Georgieva announced in Paris that many rich countries would reallocate a portion of their own SDRs to benefit countries with greater needs for emergency funding. The sums committed added up to around $100 billion. France was the frontrunner, giving away 40% of its SDRs.

A catastrophe toolkit

The impacts of change are getting more extreme, forcing countries to take on greater debt to deal with the damage. That’s creating a vicious cycle known as the climate-debt trap, and breaking the cycle is one of the priorities of Ajay Banga, the new president of the World Bank. 

To break out of the climate-debt trap, talks in Paris focused on deploying solutions that help deal with both problems simultaneously. These measures included advanced warning systems for extreme weather that can help authorities better prepare before disaster strikes, saving lives and reducing costly damage. Discussion also focused on expanding new types of catastrophe insurance, like those piloted in Jamaica and Peru, and offering debt repayment pauses following an extreme climate event to curb the accumulation of debt in dark times.

What happened to the $100 billion promise?

One constant sore point at every recent United Nations climate summit has been the unmet promise of developed countries to spend $100 billion each year on projects in developing countries to cut emissions and help adapt to a warming planet. As of 2020, the total stood at $83 billion, according to an OECD analysis

Macron announced that he is “confident” that countries will finally reach the commitment this year, nearly three years later than the 2020 deadline. This will be something to monitor ahead of the annual COP28 climate summit, set for Dubai towards the end of the year.

Talk of international taxes

Macron raised the prospect of international taxes to help generate the money needed to address global problems. That kind of worldwide tax could be imposed on shipping, aviation or even financial transactions. 

Macron noted the traction building for a tax on carbon emissions from the shipping industry, sharing a list of 22 supportive countries — including Spain, Portugal, Norway and many island countries that would see an increase in cost on their imports as a result. 

The proposal is still far from securing the support needed of the 170-member International Maritime Organization, which will determine whether a levy can be adopted.

Energy boost

$2.7 billion

This is how much Senegal secured in funding from Group of Seven countries to transition to cleaner energy, making it the first country that doesn’t rely on coal for electricity to get funding under such a program. 
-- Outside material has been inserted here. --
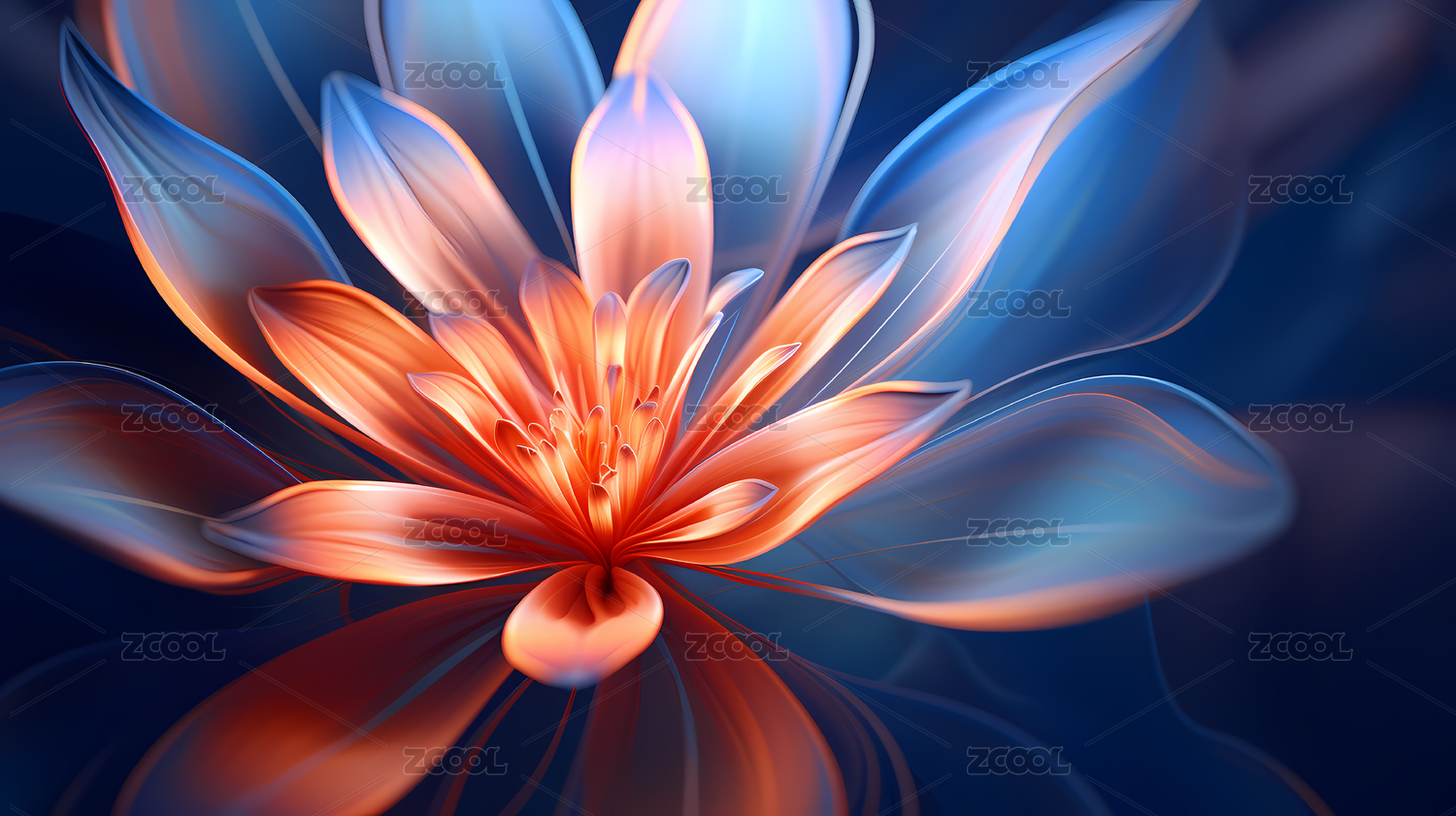 花朵花瓣绽放科技背景抽象数字艺术插画

Meet the Bridgetown Agenda

“Eighty-one percent of all climate mitigation and green transformation stuff is financed by the private sector in rich countries, but only 14% in poor countries. So we’ve got to change that equation.”

Avinash Persaud

Special envoy on investment and financial services for Barbados

Other highlights

Citi supports a pause clause. A senior banker at Citigroup Inc. said lenders need to accept so-called pause clauses to let struggling sovereign borrowers temporarily halt debt payments if they’re hit by a catastrophe.

Zambia wins debt relief. The country agreed in principle to restructure $6.3 billion of debt with bilateral lenders, setting a precedent for a growing list of countries — including many climate-vulnerable ones — that are struggling to service their liabilities.

Egypt may get a vital guarantee. In an interview at the Paris summit, the Asian Infrastructure Investment Bank’s president said the bank is in talks to guarantee a climate-related bond being issued by Egypt.